> **Material provided**
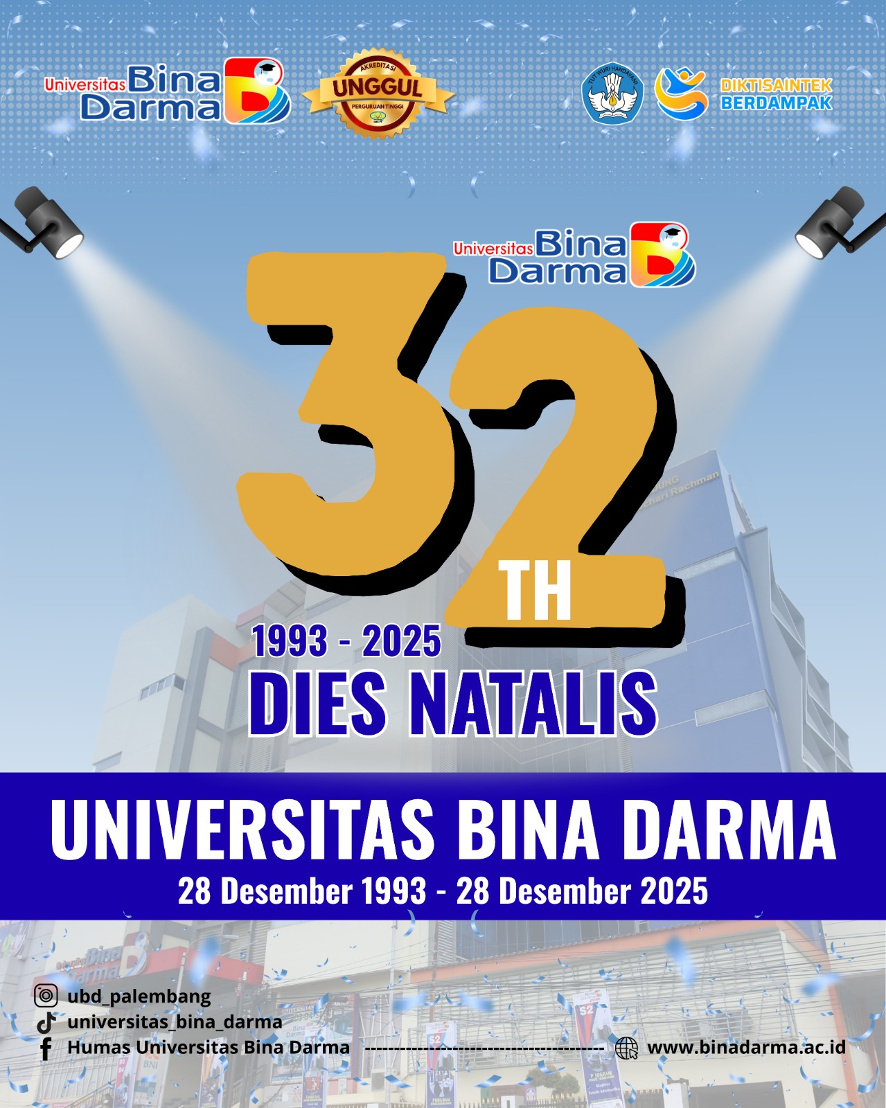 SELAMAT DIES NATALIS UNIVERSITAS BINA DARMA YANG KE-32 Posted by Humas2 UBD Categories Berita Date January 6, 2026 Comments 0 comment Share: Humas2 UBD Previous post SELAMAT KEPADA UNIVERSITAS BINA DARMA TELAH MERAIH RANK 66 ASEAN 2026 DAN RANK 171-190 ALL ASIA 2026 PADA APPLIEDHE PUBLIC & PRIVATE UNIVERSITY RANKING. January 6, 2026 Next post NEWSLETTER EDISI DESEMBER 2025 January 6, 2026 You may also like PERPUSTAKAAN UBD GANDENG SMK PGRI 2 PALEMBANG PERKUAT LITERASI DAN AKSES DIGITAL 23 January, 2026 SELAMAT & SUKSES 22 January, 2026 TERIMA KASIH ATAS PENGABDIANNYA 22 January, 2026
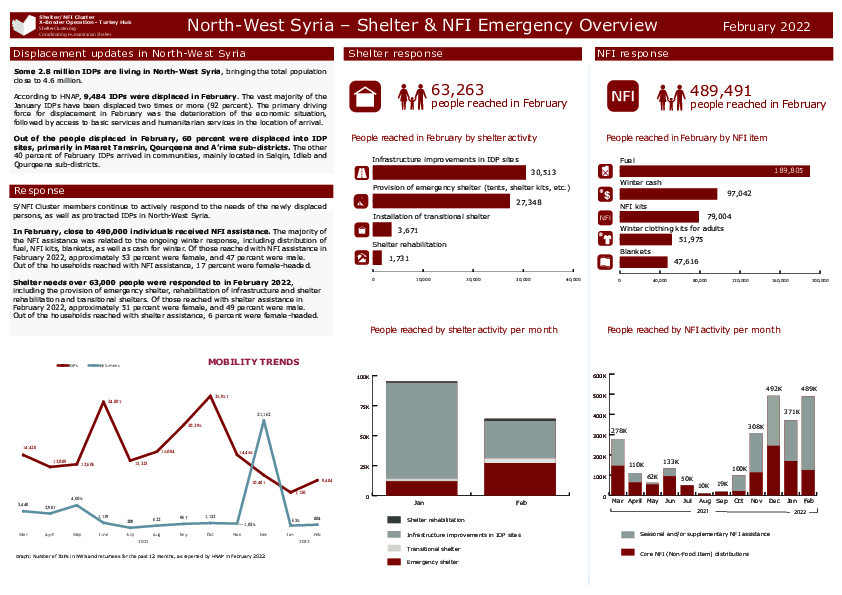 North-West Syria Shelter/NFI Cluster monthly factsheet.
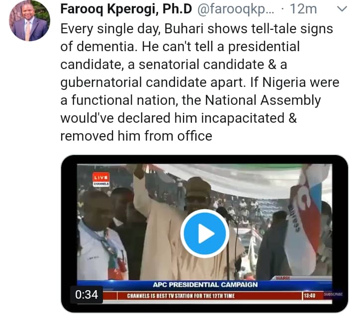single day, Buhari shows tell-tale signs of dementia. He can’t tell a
...
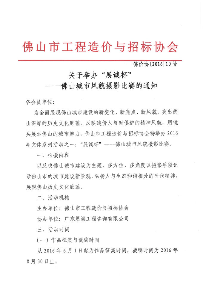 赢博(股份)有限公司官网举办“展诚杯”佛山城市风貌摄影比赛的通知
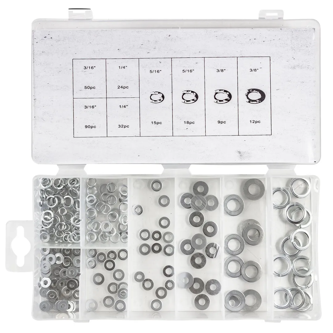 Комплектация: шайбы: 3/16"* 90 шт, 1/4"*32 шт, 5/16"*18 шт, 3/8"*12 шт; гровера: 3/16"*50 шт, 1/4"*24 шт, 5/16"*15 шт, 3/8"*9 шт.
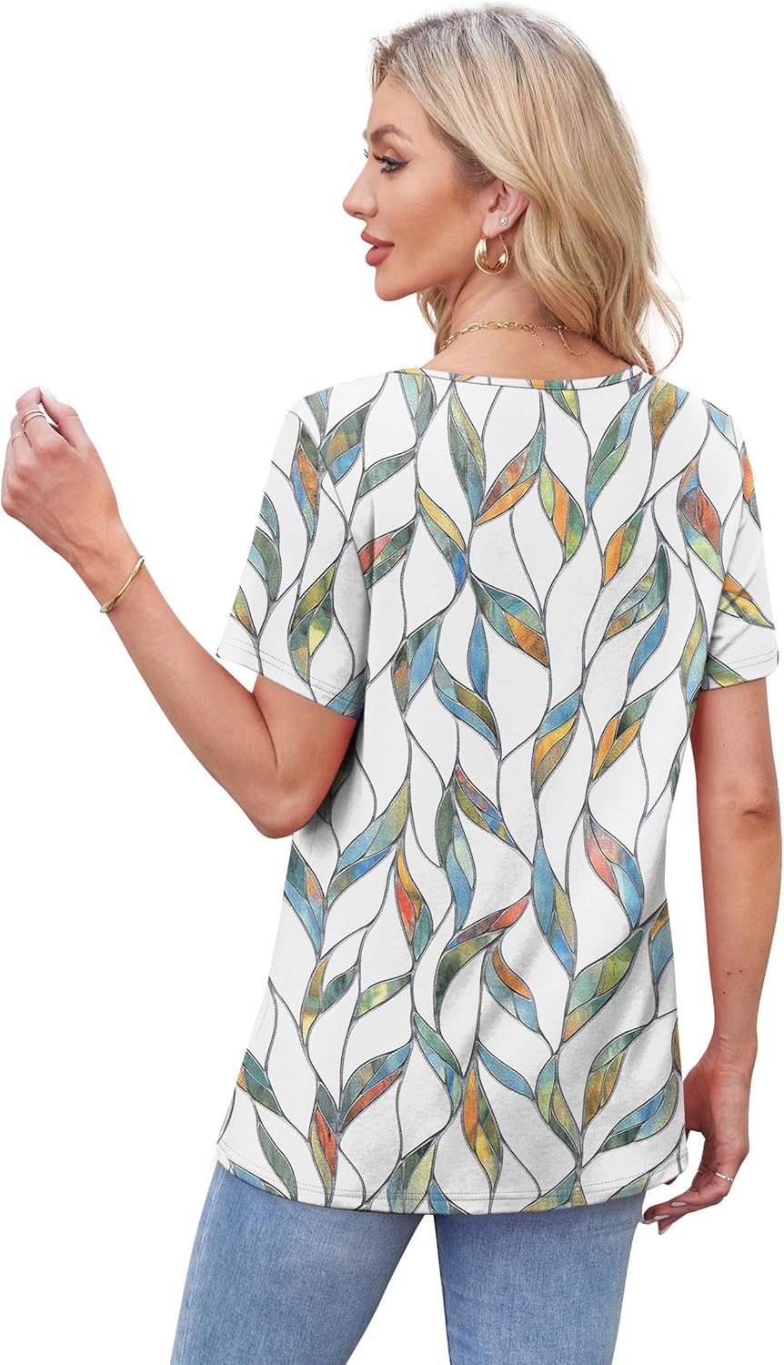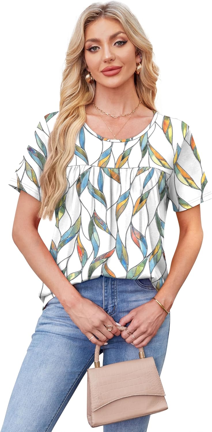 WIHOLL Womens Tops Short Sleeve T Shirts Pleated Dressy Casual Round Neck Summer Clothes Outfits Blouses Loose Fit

> **The task**
Word for word, retype the lines in the entries above that run from the one with "North-West Syria Shelter/NFI" through the one with "single day, Buhari". Both ends count; pictures do not.

> **Exercise response**
 North-West Syria Shelter/NFI Cluster monthly factsheet.
single day, Buhari shows tell-tale signs of dementia. He can’t tell a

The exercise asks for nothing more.